Этот жест – подобрать что-то с земли и засунуть за гачу, за резинку – он памятен. Мы так делали. Яблоко недоеденное туда, мелок, маленькую куколку. Однажды по дороге в сад – а в садик мы ходили самостоятельно, причем я даже ездила на автобусе, – так вот, видно, в автобусе я и подобрала тюбик губной помады. Естественно, засунула за гачу. На прогулке показала девочкам, они крутили-смотрели и крышку потеряли. В общем, я и без крышки – за гачу. А после тихого часа началось: воспитательница, увидев меня, завизжала, дети замерли, я тоже посмотрела на себя: вся в алом. Помада эта, значит, растаяла и потекла.

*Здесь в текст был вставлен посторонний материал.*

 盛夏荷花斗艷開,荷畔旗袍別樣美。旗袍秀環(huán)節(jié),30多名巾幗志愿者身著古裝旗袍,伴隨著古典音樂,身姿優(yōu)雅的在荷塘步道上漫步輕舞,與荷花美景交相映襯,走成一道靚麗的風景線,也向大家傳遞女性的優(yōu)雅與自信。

Панталоны в тот день у меня были ярко-желтые. «Лимонного цвета», как их хвалила моя мама.
Моя мама умела похвалить всякую дрянь. «Ешь, ешь, килька чуть с душком, ароматная… вот каша пшенная – она на воде такая остренькая получается, вкуснотища… картошечка-то с разварочки, хороша, ничего к ней и не надо». Ботинки – «еще крепкие, не промокают», пальто – «как новое, рукава совсем не протерлись». Костюм клоуна, который она мне сшила из матрасной ткани, – «загляденье, а не костюм». И так, казалось, всё нормально у нас, хорошо живем.
Когда мне надо было идти в первый класс, встал вопрос о белом фартуке. Первая идея у мамы была – из отбеленной марли, и, если накрахмалить… Но она остановилась на кухонной занавеске: хорошая бязь, где у нас хлорка? Ленты в косы она «сделала» из своего старого крепдешинового платья – «благородные ленты»!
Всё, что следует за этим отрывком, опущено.